• **WHAT IS BEING ASKED**
Pictures stay out; everything else in the listing below is to be restated word for word.

• **PROVIDED MATERIAL**
= = =

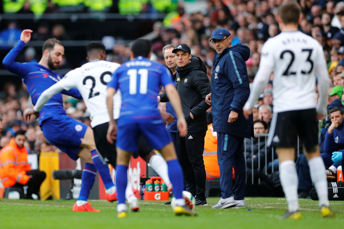 (Reuters) - First-half goals from Gonzalo Higuain and Jorginho earned Chelsea a 2-1 win over struggling Fulham in an entertaining southwest London Premier League derby on Sunday but they had to work hard for the points.
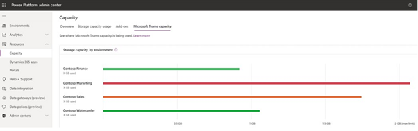 Admins can monitor capacity usage for Dataverse for Teams environments using dedicated capacity views in PPAC.
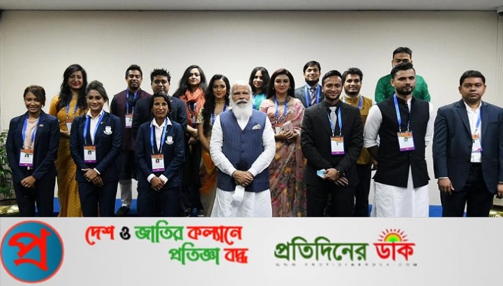 পরে মোদীর সঙ্গে দাঁড়িয়ে ছবিও তোলেন তারা। যেখানে সামনের সারিতে ভারতীয় প্রধানমন্ত্রীর বাঁ পাশে ছিলেন সাকিব আল হাসান ও মাশরাফী বিন মোর্ত্তজা। ডান পাশে নারী দলের অধিনায়ক সালমা খাতুন ও জাহানারা আলম।

= = =

• **REPLY**
 (Reuters) - First-half goals from Gonzalo Higuain and Jorginho earned Chelsea a 2-1 win over struggling Fulham in an entertaining southwest London Premier League derby on Sunday but they had to work hard for the points.
 Admins can monitor capacity usage for Dataverse for Teams environments using dedicated capacity views in PPAC.
 পরে মোদীর সঙ্গে দাঁড়িয়ে ছবিও তোলেন তারা। যেখানে সামনের সারিতে ভারতীয় প্রধানমন্ত্রীর বাঁ পাশে ছিলেন সাকিব আল হাসান ও মাশরাফী বিন মোর্ত্তজা। ডান পাশে নারী দলের অধিনায়ক সালমা খাতুন ও জাহানারা আলম।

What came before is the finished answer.